Cuando muere la tarde, acompañada por una suave neblina, o en esas mañanas grises de lenta y fina lluvia, Venecia se envuelve sobre sí misma y parece como si la noble piedra de sus viejos palacios nos devolviese la mirada, empapando nuestro ánimo de las notas de la música de Tomaso Albinoni, que resuenan en nuestros oídos, siempre en clave de sol menor, con esa tonalidad dulce y melancólica que nos regalan las gotas de lluvia al caer, armónicamente, sobre el suelo empedrado del Campo dei Frari.
Mi restaurante favorito es la Osteria Al Mascaron, a pocos pasos de Santa Maria Formosa, en uno de cuyos muros está la máscara labrada en piedra que le da nombre. Es una fantástica taberna veneciana en la que hay que probar sus inigualables spaghetti all'astice (langosta) y, tras la comida, pasear sin prisa por las calles cercanas, visitando la asombrosa librería Linea d'Acqua, hasta llegar al Campo SS. Giovanni e Paolo.

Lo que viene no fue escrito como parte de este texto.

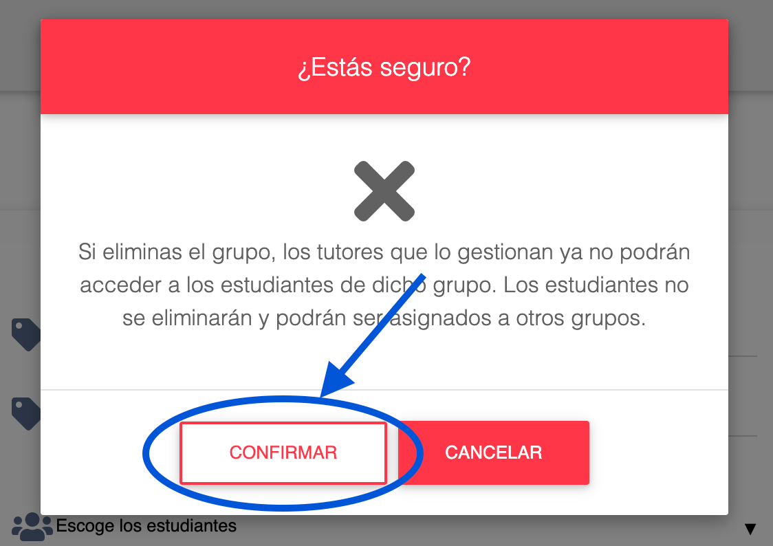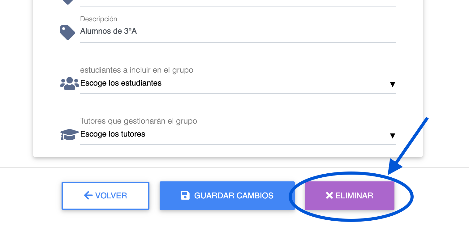 Sólo se puede eliminar grupos de manera manual. Al eliminar un grupo, no eliminarás ni los estudiantes ni los tutores asignados a dichos grupos.

Los otros tres restaurantes que no hay que dejar de conocer son la Trattoria Antiche Carampane, un lugar auténtico que no ha hecho concesión alguna al turismo; la pequeña Enoteca ai Artisti, en pleno Dorsoduro; y el imprescindible Harry's Bar, cuna del bellini y de los mejores tagliolini gratinati del mundo.
Tomaremos algo, para entrar en calor, en el Caffè dei Frari o un prosecco en una de las viejas tabernas del sestiere de Dorsoduro, pero no sin antes haber visitado al que considero mejor pintor contemporáneo veneciano, Roberto Ferruzzi, nieto del autor de la célebre Madonina, a ser posible en su propio estudio, mucho más atractivo que su cercana galería.
Desde luego, es fundamental dormir en Venecia. Es necesario disfrutar la oportunidad de recorrer sus calles y canales cuando las hordas de turistas ya la han abandonado. La propia plaza de San Marco es otra cuando la observamos por la noche, casi desierta.
No vamos a descubrir ahora los magníficos hoteles de Venecia, como el ya mencionado Bauer, el Gritti o el Danieli, pero, desde hace unos años, me inclino por una alternativa difícil de superar. Me refiero al pequeño y maravilloso Novecento que, con solo nueve habitaciones (todas diferentes, por supuesto), es la mejor opción que hoy existe para pasar la noche en la ciudad de los canales. Su primo hermano, el Hotel Flora (propiedad, como el Novecento, de la familia Romanelli) es una muy buena alternativa, sobre todo con buen tiempo, para disfrutar mejor de su bonito patio. Ambos están situados estratégicamente, a unos pasos de San Marco y la Accademia.
Me da pena que otro hotel que me gustaba mucho, La Fenice et des Artistes, se encuentre un tanto descuidado. Desayunar escuchando los cercanos ensayos del Gran Teatro La Fenice es un lujo difícil de igualar.
Guías de Venecia hay tantas que solo voy a mencionar aquí una de las más curiosas, sobre todo por su manera de aproximarnos al mundo del gran dibujante Hugo Pratt: La Venecia Secreta de Corto Maltés. Historias e itinerarios venecianos, acompañados de buenos dibujos a pluma. Me gusta. Como me gustan los cuatro caballos de San Marco. Una noche soñé que cabalgaba sobre uno de ellos. Soñé que el caballo era blanco y que sus crines castañas volaban al viento mientras galopaba.
Pero solo fue un sueño veneciano. Uno de esos sueños que siempre mueren cuando, de tanto mirar hacia el futuro, el presente nos devuelve a la frontera del pasado.
Pronto volveré. Venecia en otoño... o en invierno. Tan triste como bella.